Trapped in Hearse: a sequel

The other week I happened to be up on a visit to my mother’s house.  There was no one else there at the time, my two brothers not having arrived as yet.

My mother and I were just sitting and talking of time past.  I happened to mention to her about the Newry Journal and the story about the 1957 curfew. She remembered about my brother David and him having got himself caught on the wrong side of the Linenhall Square barricade.

‘You and your brothers were good children,’ she said, ‘though full of mischief – always getting yourselves into some bother or other.’

My mother then proceeded to tell once again about the old days when my brothers and I were children.  I had heard it all so many times before but I let her recount her memories to me once again.

Mum, with tears in her eyes told me about my father and that terrible time in her life when the doctors told her that dad had only a few months to live.

‘Hodgkin’s Lymphoma,’ she said, ‘was a malignant cancer, a dreadful illness: though the doctors tried their best there was nothing anyone could do for him.  Your daddy was still a young man, only thirty-one when he died and there I was with three young children to bring up on just the basic widow’s pension. Your brother Davy was just seven and John was only ten months old, and do you know that your Father died only a month after your sixth birthday? Your great aunt also lived with us but she was an old lady in her late eighties and was very ill herself.’

I sadly observed the tears filling my mother’s eyes and realised that it must still hurt even after all those years.  Three mischievous children and an ailing old aunt to look after and all on your own: it must have been hard for mum! Yes hard times indeed.

I raised my eyes and looked over my mother’s shoulder and studied the picture hanging on the wall behind her.  The subject of that picture was a beautiful young woman in her early twenties and a handsome young sailor in his Royal Navy uniform.  My mum and dad in happier days, long before the news of dad’s terminal illness.  The tears were beginning to mist over in my eyes now.

‘You know I remember my dad’s funeral,’ I said.  ‘I was just turned six but I remember it well – that big black hearse moving off from the door with Davy and me walking directly behind: I remember the black armbands we wore and uncle Jim keeping us together as we moved along the street.  Did you know that when the hearse moved off David and I tried to get a ride by kneeling on the hearse’s back bumper? Someone, I don’t remember who, pulled us off and said,

‘Show some respect! Don’t you realise it’s your father’s funeral?’

I remember Uncle Jim saying back to that person,

‘ Leave them be! After all they are only children! They have a hard world in front of them yet.’

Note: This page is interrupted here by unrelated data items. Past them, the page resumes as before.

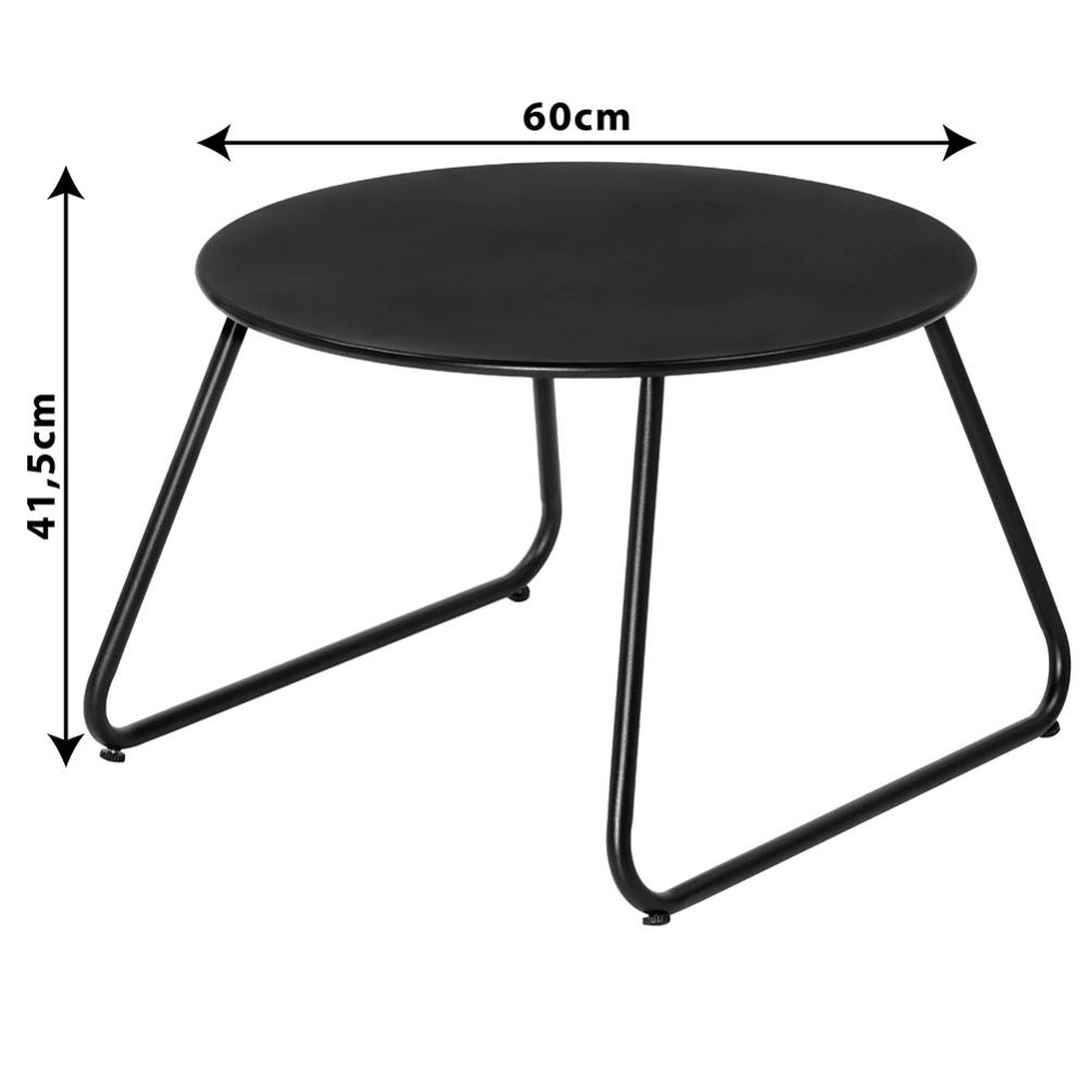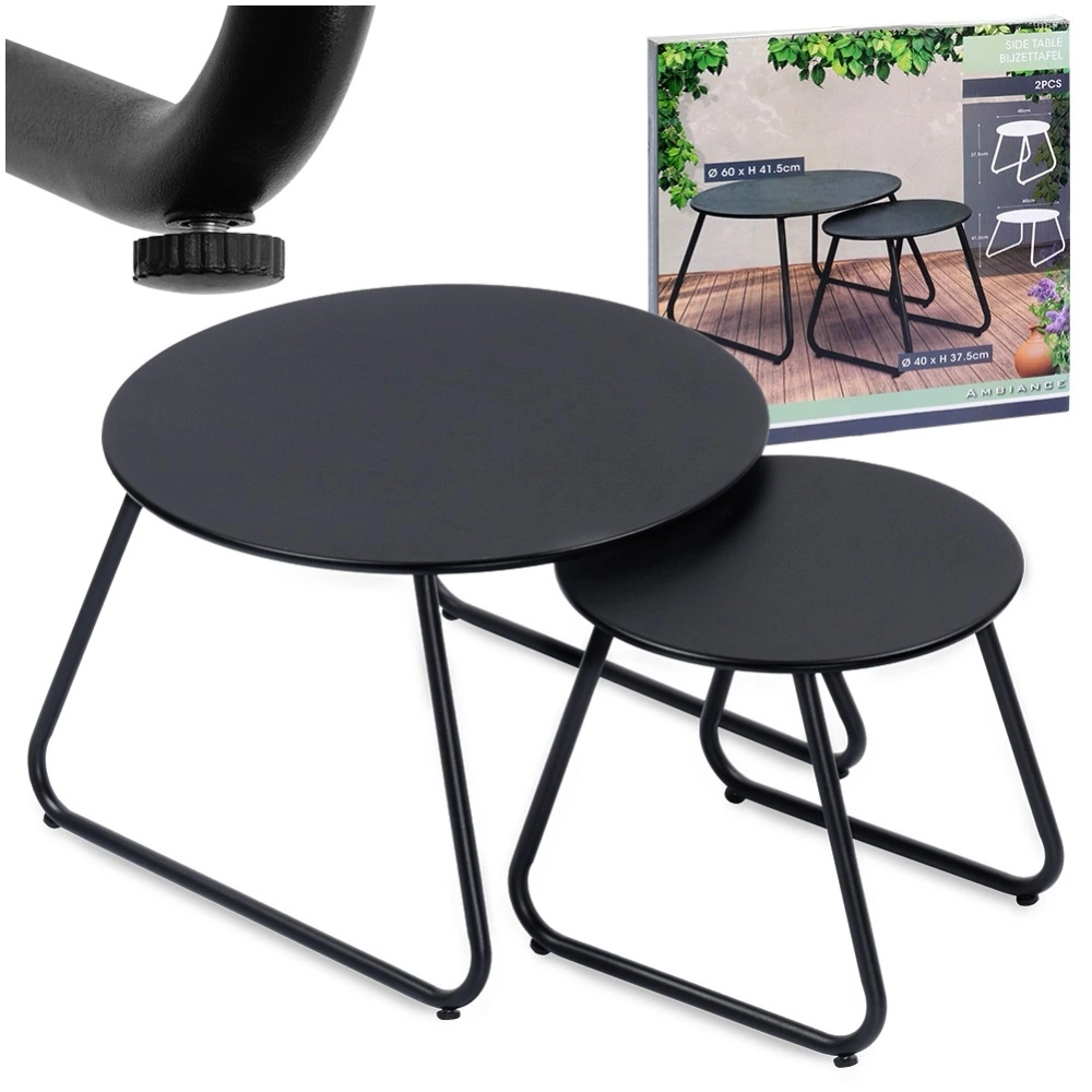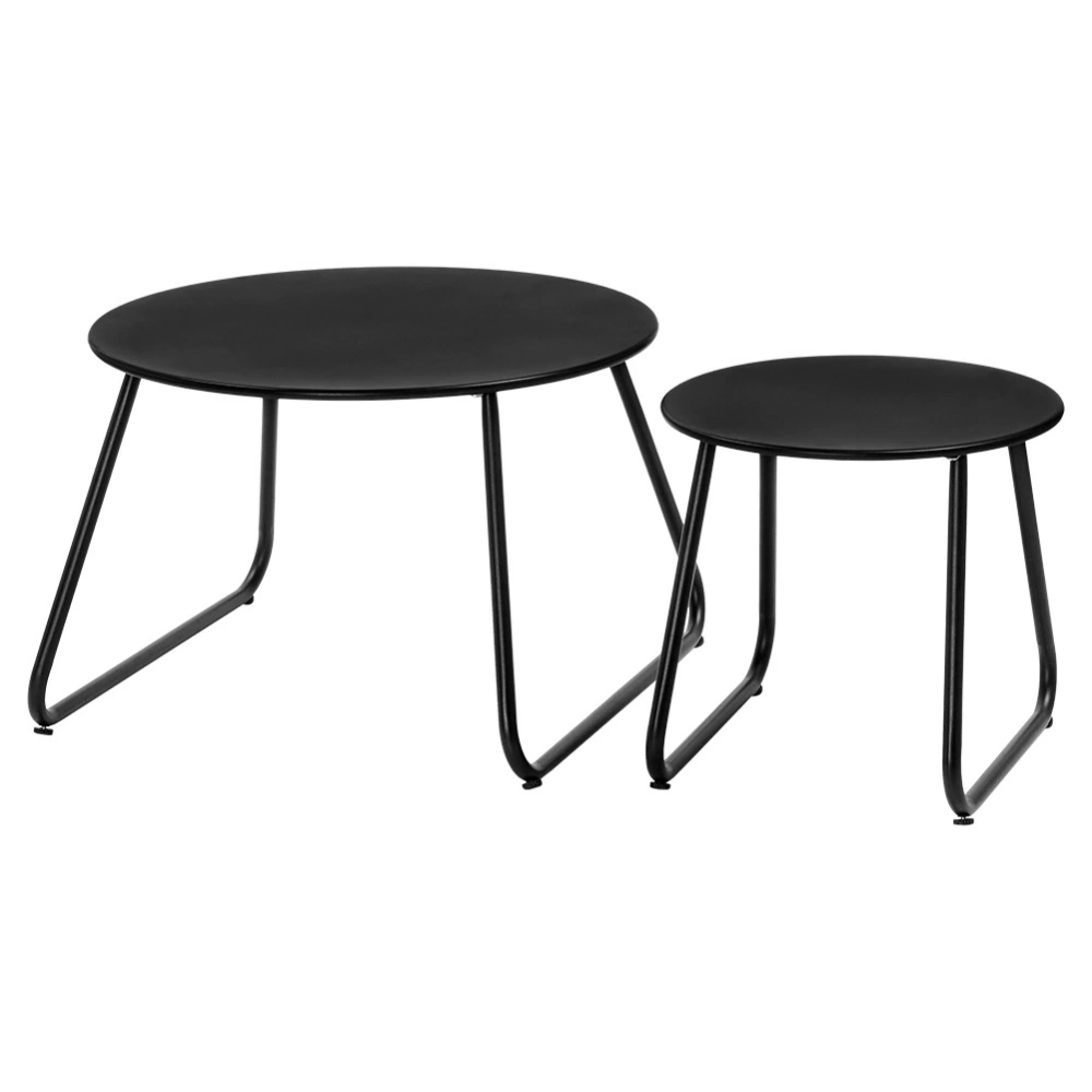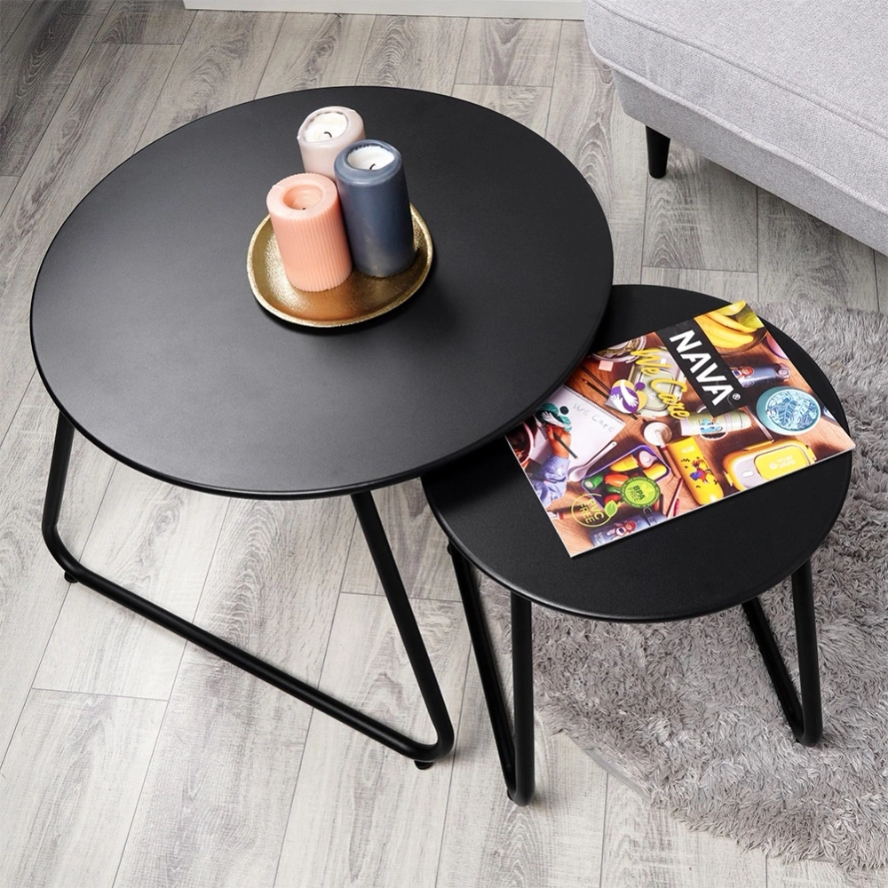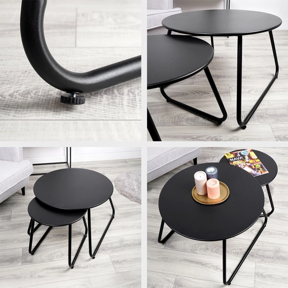 - Zestaw dwóch stolików kawowych w dwóch rozmiarach. Wykonane z metalu w czarnym kolorze. Jeden stolik można umieścić pod drugim.
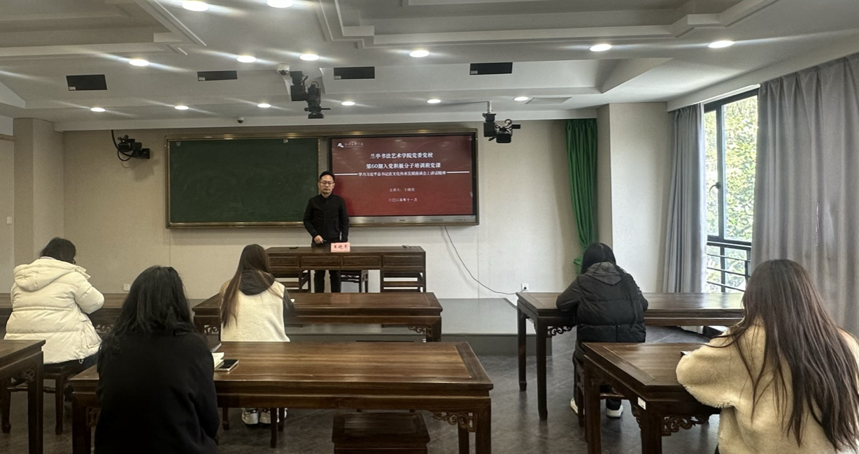 为强化入党积极分子的文化自信与政治素养,2025年11月27日在兰亭书法艺术学院教学楼A栋202教室由副院长、教工党支部书记王晓亮为第60期入党积极分子讲授《学习习近平总书记在文化传承发展座谈会上讲话精神》的专题党课。
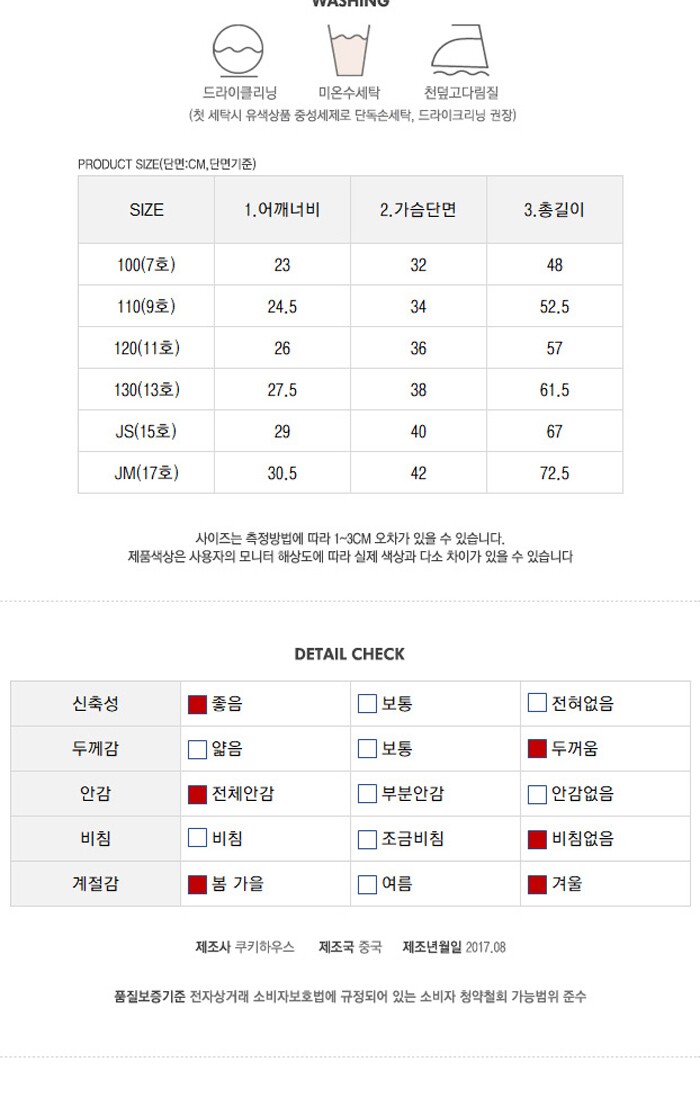 6. 세탁방법 및 취급시 주의사항 상세페이지참조

My mother was smiling at me now almost as if I had said something funny;  the tears had gone to be replaced by a look of pride. She clearly had something to tell me about that funeral.

‘ Wait and I’ll show you something!’  Mum said, and with that she ambled off into the kitchen, returning a few moments later with an old china teapot clutched in her hands. Mother rummaged around inside that old teapot until she found what she was looking for.  From the depths of that container she extracted an aged piece of paper and showed it to me.  It was an old receipt from the undertaker who arranged my dad’s funeral.

‘Look at that!’  said my Mother, ‘Look what that says!’  and with a trembling finger she pointed to the wording at the bottom of the receipt. It said, ‘ No cost.  He was a gentleman and a friend.  Good luck with your children’s upbringing.”